Задать этот вопрос раньше не получилось из-за пустой болтовни. Сначала на Володю накинулась жена инженера-программиста, требуя немедленного допроса – на том основании, что два месяца назад муж, когда прихворнул, открыл ей доступ к «Аристо». Понятно было, что никакого отношения к делу это не имело, но Нина не желала сдаваться, наседала. Очевидно, хотелось ей не поделиться информацией, а совсем наоборот, поразведать кое-что на тот случай, если мужа в чём-нибудь обвинят. Избавиться от взбалмошной женщины оказалось непросто, пришлось кричать. Нина вернулась в корпус, ей на смену явился унылый тощий блондин со списком расселения, составлять который его никто не просил. Зануду инспектор просто прогнал, отобрав и мимоходом просмотрев мятый исчёрканный лист. Тогда и выяснилось, что фамилия психофизика – Синявский; сверх того получилось узнать, что он доктор физмат наук и начальник отдела психофизики.

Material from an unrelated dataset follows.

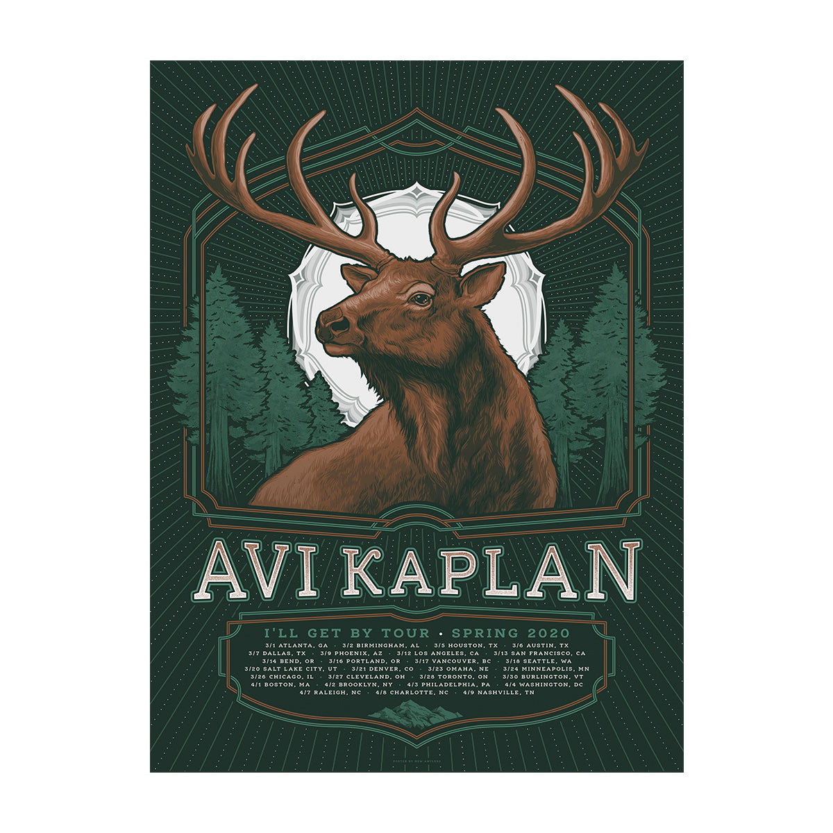 18" x 24" screenprinted poster for the 2020 I'll Get By Tour. Designed by Aaron Powers.

«Итак, – размышлял Володя, неторопливо спускаясь пологой лестницей следом за Дмитрием Станиславовичем, – пока на подозрении кроме техников и программиста неприятнейший Сухарев, Инна Гладких, душка Синявский, Берсеньева, которая шляется неизвестно где, и – не будем забывать об этом! – сам Ян. Ещё одного кандидата инспектор пропустил умышленно – просто не хотелось даже предполагать такое! – и, чтобы побороть очередной приступ страха и отвратительного бессилия, вдохнул глубже, – пахнет-то как! – оглянулся, – бриз к морю, вечер, – чем пахнет? Увидел: подступили с обеих сторон к дорожке густые заросли можжевельника и какие-то кусты с колючими листьями. Остролист?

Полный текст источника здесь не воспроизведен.